WHAT TO PRODUCE:
Reproduce word for word every line from the one containing "1、操控左侧移动按钮控制鲨鱼" through the end of the listing below; omit the pictures.

RAW DATA:
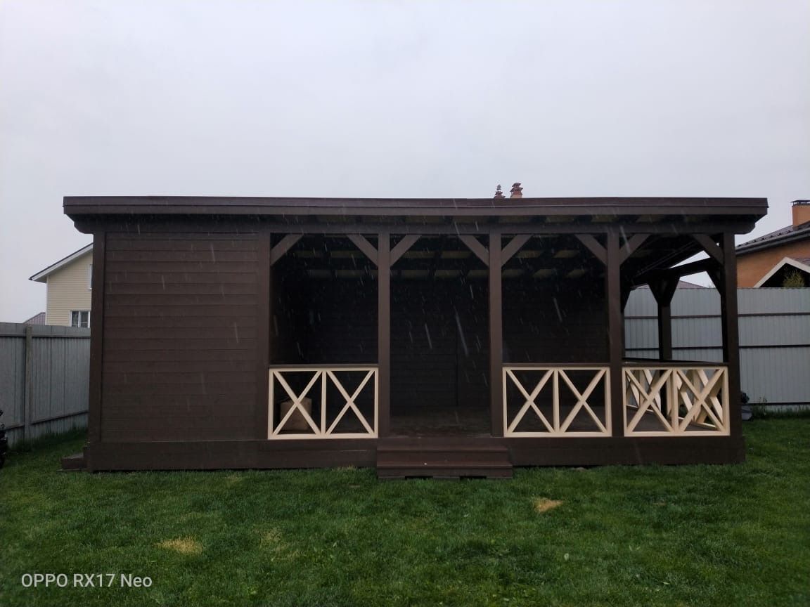 Открытая терраса. Классический вариант для дачного отдыха. Деревянный каркас, кровля, ограждение по периметру. Подходит для тёплого сезона.
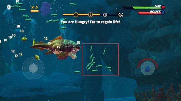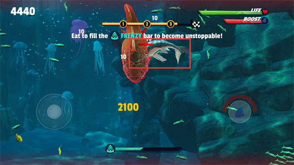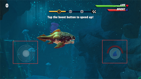 1、操控左侧移动按钮控制鲨鱼走位,点击右侧【BOOST】按钮加速,按提示提升移动效率。
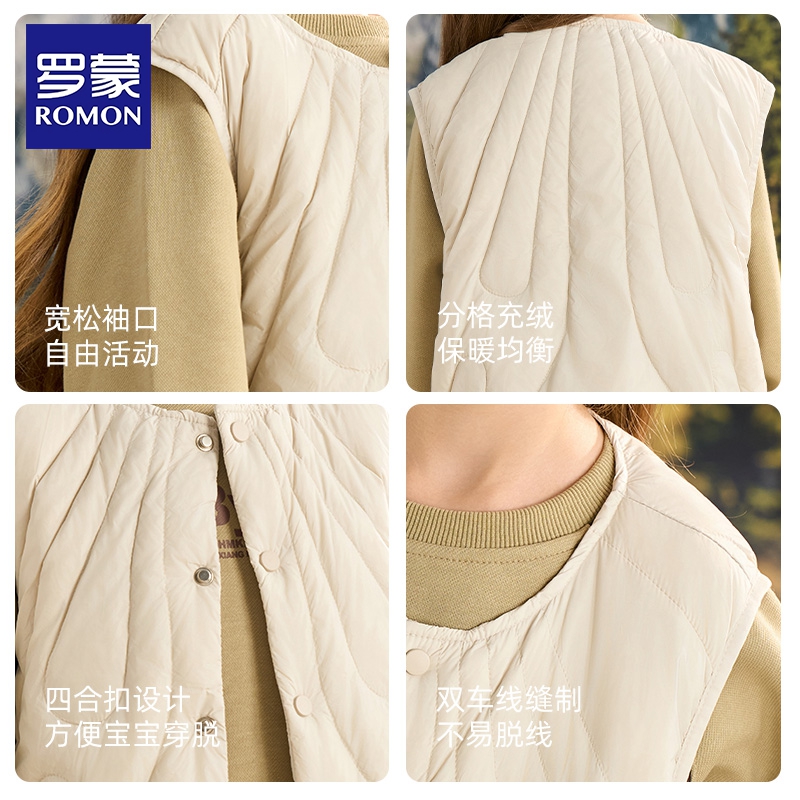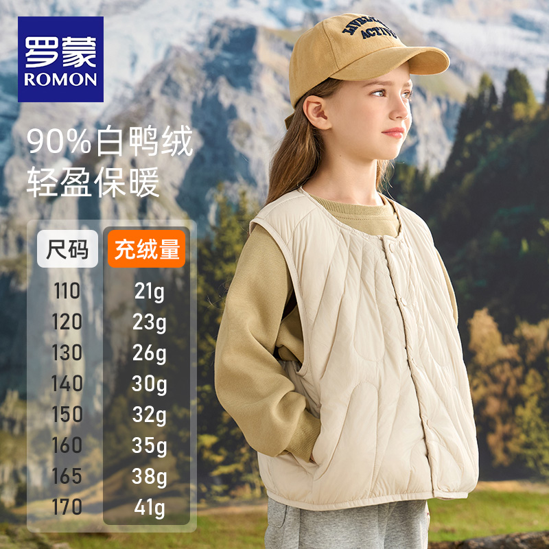 罗蒙儿童轻薄羽绒服马甲背心2025秋冬季新款男女童内胆坎肩中大童

ANSWER FOR THE TASK:
 1、操控左侧移动按钮控制鲨鱼走位,点击右侧【BOOST】按钮加速,按提示提升移动效率。
 罗蒙儿童轻薄羽绒服马甲背心2025秋冬季新款男女童内胆坎肩中大童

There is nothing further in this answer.